The anti-nuclear movement in Russia is a social movement against nuclear technologies, largely stemming from the results of the Chernobyl incident in 1986. During the most active phase of the anti-nuclear movement, from 1988 to 1992, construction of over 100 nuclear projects were prevented on the territory of the Soviet Union. Also, the economic troubles of the 1990s led to a reduction in the number of construction projects. This deprived the anti-nuclear movement of its raison d’être. At the same time, it too was affected by financial difficulties, in particular the lack of donations, which continues to be an issue today. Since the 2000s the Russian Government embarked on highly pro-nuclear policy, with plans to invest billions of dollars in developing the nuclear industry, which leaves the movement with big challenges.

The first nuclear power plant in Russia was built in 1954, a 5 MWe reactor in Obninsk. In the several years prior to 1954, Russia began building more nuclear power plants, and by the mid-1980s, had built a total of twenty-five reactors. By the early 2000s, Russia has about ten nuclear power plants and thirty-one operating reactors. With these new nuclear power plants and reactors, eight out of the ten nuclear power plants can be found in the European part of Russia. In the Eastern part of Urals, two other nuclear power plants can be found.

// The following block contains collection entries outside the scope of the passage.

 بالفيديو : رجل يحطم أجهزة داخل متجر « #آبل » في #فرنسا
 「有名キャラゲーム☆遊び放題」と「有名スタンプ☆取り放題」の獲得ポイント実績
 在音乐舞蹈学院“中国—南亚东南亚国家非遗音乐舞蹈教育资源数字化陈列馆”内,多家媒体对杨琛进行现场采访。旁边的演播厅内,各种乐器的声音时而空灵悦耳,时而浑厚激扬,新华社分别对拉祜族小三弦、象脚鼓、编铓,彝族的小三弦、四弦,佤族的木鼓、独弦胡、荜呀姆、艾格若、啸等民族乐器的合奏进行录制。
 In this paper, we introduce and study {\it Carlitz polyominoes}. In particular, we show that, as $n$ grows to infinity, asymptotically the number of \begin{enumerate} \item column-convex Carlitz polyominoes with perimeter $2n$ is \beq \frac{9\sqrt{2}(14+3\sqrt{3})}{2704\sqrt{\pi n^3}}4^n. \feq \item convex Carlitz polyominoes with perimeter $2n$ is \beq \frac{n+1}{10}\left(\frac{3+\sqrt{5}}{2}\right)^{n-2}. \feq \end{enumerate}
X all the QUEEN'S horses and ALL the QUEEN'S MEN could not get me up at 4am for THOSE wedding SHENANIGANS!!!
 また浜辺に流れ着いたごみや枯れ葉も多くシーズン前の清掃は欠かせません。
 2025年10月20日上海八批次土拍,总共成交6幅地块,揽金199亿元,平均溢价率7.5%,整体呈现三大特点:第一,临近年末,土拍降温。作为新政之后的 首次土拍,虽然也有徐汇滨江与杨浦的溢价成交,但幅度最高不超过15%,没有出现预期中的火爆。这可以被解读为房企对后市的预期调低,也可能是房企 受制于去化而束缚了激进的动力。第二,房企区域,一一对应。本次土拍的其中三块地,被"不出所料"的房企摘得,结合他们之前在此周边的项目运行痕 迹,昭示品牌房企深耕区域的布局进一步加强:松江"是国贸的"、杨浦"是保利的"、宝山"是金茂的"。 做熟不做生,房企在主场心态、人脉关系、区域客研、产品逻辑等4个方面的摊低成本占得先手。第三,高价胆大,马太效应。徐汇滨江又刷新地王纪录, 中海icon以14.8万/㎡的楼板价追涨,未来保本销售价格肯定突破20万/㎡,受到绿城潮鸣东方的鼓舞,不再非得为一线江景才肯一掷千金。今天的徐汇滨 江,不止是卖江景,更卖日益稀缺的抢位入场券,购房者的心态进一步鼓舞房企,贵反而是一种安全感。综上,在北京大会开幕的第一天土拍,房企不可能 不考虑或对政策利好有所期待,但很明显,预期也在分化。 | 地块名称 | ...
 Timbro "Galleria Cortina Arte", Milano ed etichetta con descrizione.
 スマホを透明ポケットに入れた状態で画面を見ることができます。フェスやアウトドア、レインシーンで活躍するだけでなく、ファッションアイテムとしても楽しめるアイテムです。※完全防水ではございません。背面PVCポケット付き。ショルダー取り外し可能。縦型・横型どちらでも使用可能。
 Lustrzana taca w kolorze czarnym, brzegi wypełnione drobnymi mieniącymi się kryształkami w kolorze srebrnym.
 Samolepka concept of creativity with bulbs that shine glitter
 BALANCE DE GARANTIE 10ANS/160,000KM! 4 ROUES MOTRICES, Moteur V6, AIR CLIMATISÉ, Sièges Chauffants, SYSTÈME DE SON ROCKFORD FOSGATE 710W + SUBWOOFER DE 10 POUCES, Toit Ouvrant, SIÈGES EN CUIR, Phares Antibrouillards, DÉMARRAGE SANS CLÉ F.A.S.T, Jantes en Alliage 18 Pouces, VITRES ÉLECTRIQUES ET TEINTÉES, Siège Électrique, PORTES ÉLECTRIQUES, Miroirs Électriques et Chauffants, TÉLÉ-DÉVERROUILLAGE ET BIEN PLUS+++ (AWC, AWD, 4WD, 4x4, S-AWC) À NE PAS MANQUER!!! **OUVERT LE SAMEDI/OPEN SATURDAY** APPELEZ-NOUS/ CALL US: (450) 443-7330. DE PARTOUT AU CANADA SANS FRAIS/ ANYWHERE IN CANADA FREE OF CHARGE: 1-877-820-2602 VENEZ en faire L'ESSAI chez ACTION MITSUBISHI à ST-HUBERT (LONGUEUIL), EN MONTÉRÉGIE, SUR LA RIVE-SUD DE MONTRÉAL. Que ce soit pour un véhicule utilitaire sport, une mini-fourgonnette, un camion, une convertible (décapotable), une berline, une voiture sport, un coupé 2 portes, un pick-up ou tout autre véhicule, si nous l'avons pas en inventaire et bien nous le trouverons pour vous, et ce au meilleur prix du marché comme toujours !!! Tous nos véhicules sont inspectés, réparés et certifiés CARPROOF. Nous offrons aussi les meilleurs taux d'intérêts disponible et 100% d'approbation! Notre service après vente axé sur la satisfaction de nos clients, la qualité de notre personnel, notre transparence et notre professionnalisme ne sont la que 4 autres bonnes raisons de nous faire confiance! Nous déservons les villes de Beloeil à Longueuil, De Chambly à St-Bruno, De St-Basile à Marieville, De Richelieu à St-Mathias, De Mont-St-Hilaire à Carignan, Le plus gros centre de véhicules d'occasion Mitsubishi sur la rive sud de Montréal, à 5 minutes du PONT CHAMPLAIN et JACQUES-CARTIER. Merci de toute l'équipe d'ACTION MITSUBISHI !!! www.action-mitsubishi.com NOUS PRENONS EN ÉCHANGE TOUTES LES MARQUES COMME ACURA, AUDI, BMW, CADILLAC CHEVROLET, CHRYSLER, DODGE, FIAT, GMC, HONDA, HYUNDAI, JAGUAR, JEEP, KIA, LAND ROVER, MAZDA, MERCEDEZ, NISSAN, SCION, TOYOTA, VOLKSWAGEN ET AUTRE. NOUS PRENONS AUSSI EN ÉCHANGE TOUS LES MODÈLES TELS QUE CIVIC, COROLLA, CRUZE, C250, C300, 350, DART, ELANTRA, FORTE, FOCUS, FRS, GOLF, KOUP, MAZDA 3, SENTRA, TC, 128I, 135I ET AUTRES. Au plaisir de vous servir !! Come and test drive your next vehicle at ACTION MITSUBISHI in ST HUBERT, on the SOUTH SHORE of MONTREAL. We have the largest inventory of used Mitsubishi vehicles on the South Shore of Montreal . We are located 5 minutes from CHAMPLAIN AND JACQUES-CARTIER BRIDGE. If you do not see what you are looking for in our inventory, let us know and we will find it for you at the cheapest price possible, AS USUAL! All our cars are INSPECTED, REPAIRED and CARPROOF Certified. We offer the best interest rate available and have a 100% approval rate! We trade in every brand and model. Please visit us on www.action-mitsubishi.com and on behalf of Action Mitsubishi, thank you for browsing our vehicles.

Russia has a long history of nuclear power plants. It was beneficial to the country when it first began but the view quickly changed in the post-Chernobyl period. On April 26, 1986 when the Chernobyl Nuclear Plant malfunctioned, it gave birth to the anti-nuclear movement in Russia and many anti-nuclear organizations emerged in the USSR. Many of these anti-nuclear protest or activities took place in the 1980s, which motivated people to pursue the anti-nuclear law that was later to be found to be short lived, due to the collapse of the Soviet Union. In the earlier years of the anti-nuclear movement, there were several activists that followed help assist in the movement to pursue the goal of becoming a denuclearized country.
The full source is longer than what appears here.